Logo link to homepage

Report on Veniaminof (United States) — September 1983


Veniaminof

Scientific Event Alert Network Bulletin, vol. 8, no. 9 (September 1983)
Managing Editor: Lindsay McClelland.

Veniaminof (United States) Eruption resumes; Strombolian activity; lava flows

Please cite this report as:

Global Volcanism Program, 1983. Report on Veniaminof (United States) (McClelland, L., ed.). Scientific Event Alert Network Bulletin, 8:9. Smithsonian Institution. https://doi.org/10.5479/si.GVP.SEAN198309-312070



Veniaminof

United States

56.17°N, 159.38°W; summit elev. 2507 m

All times are local (unless otherwise noted)


After declining in August and September, eruptive activity resumed on 3 October, when Perryville residents reported ashfall on the town and saw incandescence at the volcano.

During an overflight on 5 October, USGS personnel observed Strombolian bursts of lava from the previously active vent within the summit crater of the intra-caldera cone.
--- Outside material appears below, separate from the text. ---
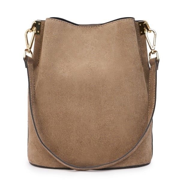 Елегантна италианска бежова чанта от естествен велур с 3 отделения.

An ash cloud rose 300-1,200 m above the vent and extended E. On 7 October, ash and bombs were ejected 60-90 m above the vent. Lava flowed SW from the vent on top of flows erupted June-July, adding a new lobe to the lava delta at the base of the intra-caldera cone. Steam rose from the active flow fronts. The meltwater lake formed during previous activity remained frozen and had apparently not increased in size.

During the next overflight, from 1345 to 1425 on 13 October, a thin wispy ash cloud rose about 60 m above the cone and drifted N, depositing ash on the caldera floor ice N and NE of the intra-caldera cone. Bursts of ash and incandescent bombs were ejected from the summit of the cinder cone at rhythmic intervals of a few seconds early in the overflight, but became more continuous later. Lava flowed from SW flank vents slightly below the summit of the cinder cone down the steep flank of the intra-caldera cone. They extended the lava delta to the SE, remelting the SE portion of the meltwater lake.
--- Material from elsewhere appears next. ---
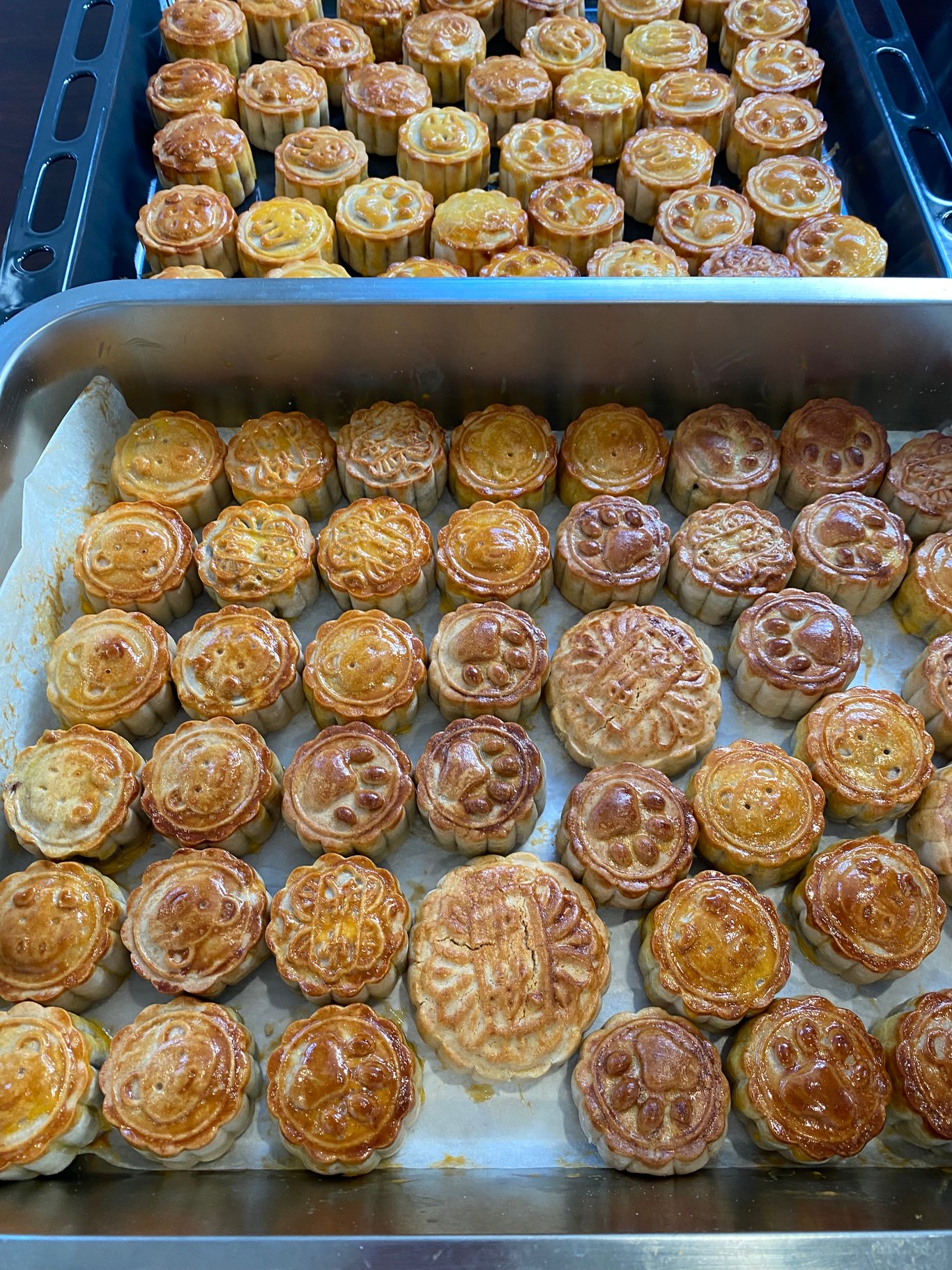 早在一週前的週六下午,教堂廚房就已經熱鬧起來。J姐妹帶頭張羅,我們一邊分麵團、一邊包餡、烤月餅。烤箱一開,一陣陣麥香和糖香撲面而來,讓人一走進廚房就有「家」的味道。

Geological Summary. Veniaminof, on the Alaska Peninsula, is truncated by a steep-walled, 8 x 11 km, glacier-filled caldera that formed around 3,700 years ago. The caldera rim is up to 520 m high on the north, is deeply notched on the west by Cone Glacier, and is covered by an ice sheet on the south. Post-caldera vents are located along a NW-SE zone bisecting the caldera that extends 55 km from near the Bering Sea coast, across the caldera, and down the Pacific flank. Historical eruptions probably all originated from the westernmost and most prominent of two intra-caldera cones, which rises about 300 m above the surrounding icefield. The other cone is larger, and has a summit crater or caldera that may reach 2.5 km in diameter, but is more subdued and barely rises above the glacier surface.

Information Contacts: T. Miller and M.E. Yount, USGS, Anchorage.